Ixazomib is a small molecule proteasome inhibitor that is used in combination with other antineoplastic agents to treat refractory multiple myeloma.


Liver safety of Ixazomib

Ixazomib is associated with a low rate of serum enzyme elevations during treatment and to rare instances of clinically apparent, acute liver injury

Mechanism of action of Ixazomib

Ixazomib (ix az' oh mib) is an orally available, small molecule inhibitor of the 26S proteasome, the intracellular complex that degrades proteins involved in cell signaling and cell cycle regulation.  Blocking proteasome activity prevents activation of factors involved in cell growth and resistance to chemotherapy induced apoptosis, thereby leading to cancer cell death.  Preclinical studies in vitro and in vivo suggested that ixazomib had activity against several hematologic malignancies.  Clinical trials of the addition of ixazomib to lenalidomide and dexamethasone in patients with multiple myeloma showed improvements in progression free survival. 

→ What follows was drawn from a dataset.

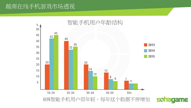 越南的总人口达9300万,网络用户数为38%,移动手机用户占93%,其中智能手机用户占55%。越南智能手机用户年龄大部分是16岁到35岁,这年龄段非常符合手机游戏等产品。

FDA approval information for Ixazomib

Ixazomib given in combination with lenalidomide and dexamethasone received approval for use in the United States in 2015 for therapy of refractory multiple myeloma. 

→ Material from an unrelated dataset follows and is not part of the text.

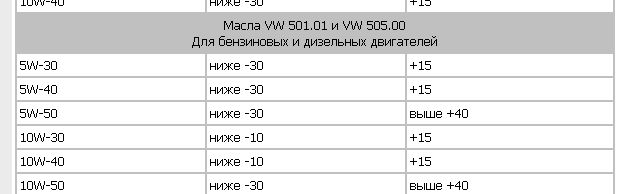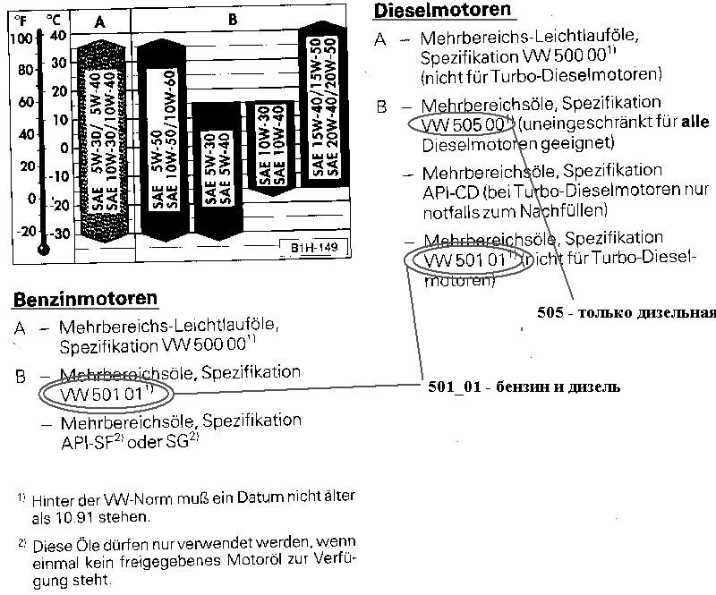 Я призываю Вас тоже очень внимательно посмотреть по указанной Вами ссылке! Там нигде нет ни строчки, ни слова о том, что Единственное место, на которое Вы, возможно, опираетесь в своих утверждениях, это вот эта часть таблички: http://www.audi-club.ru/forum/attachment.php?attachmentid=286610&stc=1&d=1346133987 Там перечислены 501_01 вместе с 505, и обозвано как масла для бензиновых и дизельных двигателей. Ну, так и правильно! Потому, что во-первых, именно 501_01 и есть именно для бензиновых и дизельных двигателей, а во-вторых, эта часть таблицы и содержит в себе перечисление чисто дизельной 505 и универсальной (бензин и дизель) 501_01. Вот так! Вот еще одна ссылка. На инструкцию по эксплуатации моей машины. http://www.audi-club.ru/forum/attachment.php?attachmentid=286612&stc=1&d=1346135728 Здесь сам изготовитель говорит об этом: http://www.audi-club.ru/forum/attachment.php?attachmentid=286619&stc=1&d=1346135896 И еще раз спецификация от производителя: VW 500.00 Легкотекучие энергосберегающие всесезонные масла SAE 5W-30, 5W-40, 20W-30 или 10W-40, предназначенные для применения в бензиновых двигателях. Базовые требования: соответствуют требованиям АСЕА А3-96. VW 501.01, универсальное масло для бензиновых и дизельных двигателей с непосредственным впрыском, соответствует требованиям класса АСЕА А2; сезонные или всесезонные масла, должна быть проверена совместимость с эластомерными прокладками; для турбодизелей - только в сочетании с - VW 505.00; VW 502.00, масло для бензиновых двигателей с повышенной эффективной мощностью и непосредственным впрыском, основой являются требования класса АСЕА А3; VW 503.00, всесезонное масло для бензиновых двигателей с непосредственным впрыском, предусмотрен продленный интервал замены, имеет пониженную высокотемпературную вязкость с целью сбережения топлива; основой являются требования класса АСЕА А3, предназначено только для двигателей, выпускаемых с мая 1999 г.; не применять для автомобилей прежних выпусков из-за низкой высокотемпературной вязкости, которая может привести к повреждению двигателя; VW 503.01, для бензиновых двигателей с турбонаддувом, предусмотрен продленный интервал замены; VW 505.00, масла для дизельных двигателей легковых автомобилей без и с турбонаддувом; соответствует требованиям класса АСЕА В3; всесезонные масла; должна быть проверена совместимость с эластомерными прокладками; VW 505.01, всесезонное моторное масло вязкости SAE 5W-40 для дизельных двигателей с насос-форсункой (Pumpe-Dmse); VW 506.00, всесезонные масла для дизельных двигателей легковых автомобилей с турбонаддувом; предусмотрен продленный интервал замены, имеют пониженную высокотемпературную вязкость с целью сбережения топлива, основой являются требования класса АСЕА В4; предназначены только для двигателей, выпускаемых с мая 1999 г.; не применять для автомобилей прежних выпусков из-за низкой высокотемпературной вязкости, которая может привести к повреждению двигателя. Я считаю, что моя точка зрения правильная и доказательна. Если Вы с ней не согласны, пожалуйста, аргументируйте доказательно и убедительно.

Dosage and administration for Ixazomib

Ixazomib is available in capsules of 2.3, 3 and 4 mg under the brand name Ninlaro.  The recommended starting dose is 4 mg orally on days 1, 8 and 15 of 28-day cycles of lenalidomide and dexamethasone.  A lower daily dose (3 mg) is recommended for patients with renal or hepatic impairment. 

Side effects of Ixazomib

Common side effects include nausea, diarrhea, constipation, anorexia, fatigue, peripheral edema, thrombocytopenia, neutropenia, anemia peripheral neuropathy, rash and fever.  Uncommon, but potentially severe side effects include peripheral neuropathy, bone marrow suppression, thrombocytopenia, severe diarrhea and dehydration and embryo-fetal toxicity.